Quant au délai légal d’invocation des motifs du licenciement avec effet immédiat, il y a lieu de relever qu’en vertu de l’article L. 124-10, (6), alinéa 2 du Code du travail, la partie qui résilie le contrat de travail pour motif grave peut invoquer, outre les faits se situant dans le délai légal d’un mois, encore des faits antérieurs à l’appui de ceux-ci, et il appartient à la juridiction du travail d’apprécier si tous ces faits, pris dans leur ensemble, sont d’une gravité suffisante pour justifier la résiliation avec effet immédiat du contrat de travail
(CASS. 8 décembre 2016 n°94/16, registre 3717).

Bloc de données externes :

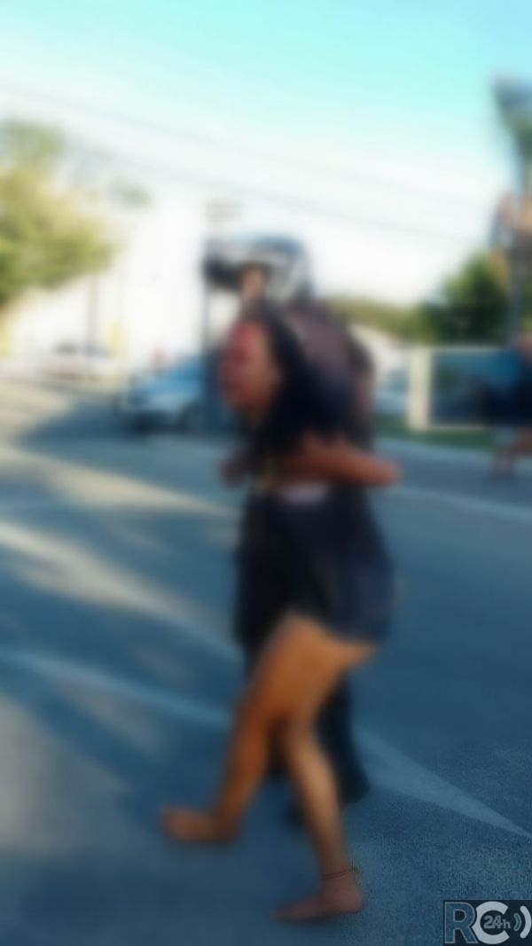 A discussão atraiu vários curiosos, inclusive alguns incitando a confusão, segundo disse a PM. Os nervos se acirraram e com a negativa dos dois perante uma ordem policial, um deles chegou a sacar uma arma no meio da multidão. A menor continuou a discutir e quando o policial tenta imobilizá-la por desacato, ela se debate, tenta agredir o PM e acaba levando uma coronhada na testa, causando grande ferimento.

D’après l’arrêt de cassation précité les juges d’appel ont violé la disposition de l’article L.124-10 (6) « en décidant, en l’espèce, que les faits nouveaux invoqués par l’employeur n’étaient pas de nature à rendre immédiatement et définitivement impossible le maintien de la relation de travail et que « dès lors les faits antérieurs au mois ( ) ne peuvent pas être invoqués à l’appui des faits nouveaux, qui en eux-mêmes ne constituent pas un motif grave et qui ne prennent pas cette nature par l’effet des faits anciens» et ce serait également
ajouter aux prescriptions de la loi que d’exiger l’analogie ou la similitude des faits antérieurs aux faits invoqués qui se situent dans le délai de la loi.

En l’espèce, si A) ne conteste pas la réalité du fait du 5 février 2014 et si ce fait constitue une faute de la part du salarié, il n’en reste pas moins que, dans la mesure où il s’agit d’un fait isolé commis par un salarié ayant une ancienneté de douze ans et qui n’a pas eu de conséquences pour l’entreprise, il n’est pas de nature à rendre immédiatement et définitivement impossible le maintien de la relation de travail.

Quant aux faits antérieurs, en l’occurrence les paroles destinées à B) («casser la gueule »), même à les supposer établis et même s’ils ne témoignent pas de la politesse dont on peut s’attendre du salarié à l’égard de son supérieur hiérarchique, ils ne constituent cependant pas à proprement parler une menace, mais procèdent plutôt d’un énervement de la part du salarié.

La Cour d’appel en déduit que même pris ensemble les faits reprochés au salarié n’ont pas le caractère de gravité suffisante pour justifier un licenciement avec effet immédiat.

Quoiqu’en partie pour d’autres motifs, le jugement est, au vu de ce qui précède, à confirmer en ce qu’il a retenu le caractère abusif du licenciement avec effet immédiat du 3 mars 2014. (C.S.J., 14/12/2017, 44280).